Combined with a slight improvement in a manufacturing index released on Monday, the services data lifted the HSBC Brazil Composite Output Index to its highest level since April --52.2, up from 48.6 in August.
Both indicators suggest the world's sixth-largest economy is poised to accelerate, leaving behind one year of stagnation after aggressive stimuli by President Dilma Rousseff.
Years of fast growth lifted more than 30 million Brazilians out of poverty in the past decade, fostering demand for a wide range of services such as banking and telecommunications. That helped Brazil avert a recession in the past year, as manufacturers struggled with weak global demand and high costs.
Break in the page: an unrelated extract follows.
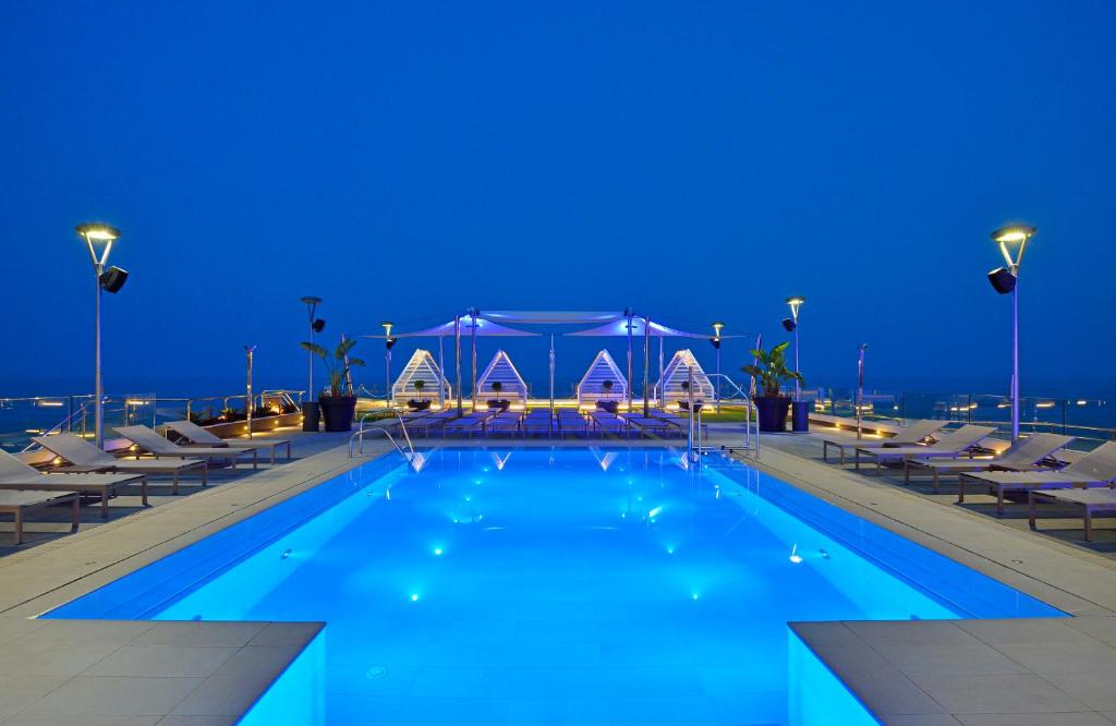 Hotel se sastoji iz dve zgrade. U sklopu hotela nalaze se recepcija, restoran, koktel bar, bar pored bazena, wellness centar i spa (uz doplatu), teretana (otvorena 24h) i zatvoreni bazen. Na krovu hotela pored bazena, smešten je bar u kome gosti hotela (16+) mogu da uživaju u hrani i piću i divnom panoramskom pogledu. Ležaljke i suncobrani su besplatni dok se peškiri mogu dobiti uz depozit. U toku dana i noći organizuju se aktivnosti i zabave, predstave kao i žurke i nastupi popularnih svetskih DJ-va. Wi fi internet je besplatan i dostupan u celom hotelskom kompleksu.

"The rebound of the services PMI provides further evidence that the recovery of economic activity we were expecting for the second half of the year appears to be materializing," said Andre Loes, chief economist in Brazil for HSBC.
Brazil's Services PMI had stayed at 48.1 in August, its lowest level since May 2009. Loes said that such a poor performance was a "cause of discomfort."
Brazil is expected to grow just 1.6 percent this year, the slowest since 2009 in the aftermath of the global credit crisis. In 2013, it is expected to expand by 4 percent, after nine interest rate cuts in a row and a string of tax breaks and other stimulus measures, a central bank poll showed.
Still, the Services PMI report showed growth was limited to a few companies, underlining that the pace of expansion in Latin America's largest economy is still very modest.
Around 18 percent of the survey respondents report higher business activity on stronger demand, said Markit, which compiled the data for HSBC. Also, only around 5 percent of service providers signaled job creation in September, whereas the vast majority, 92 percent, reported no change in hiring.
Business sentiment over the year ahead remained positive, but eroded to its lowest level in 20 months.
The main growth drivers in coming months, according to the survey respondents, will be increasing demand, both locally and abroad, projects following municipal elections this month, and preparations for the 2014 Soccer World Cup.
Inflation of input costs cooled down to its slowest pace since November 2011. That rise, albeit weaker, was passed through prices charged to consumers, the poll suggested.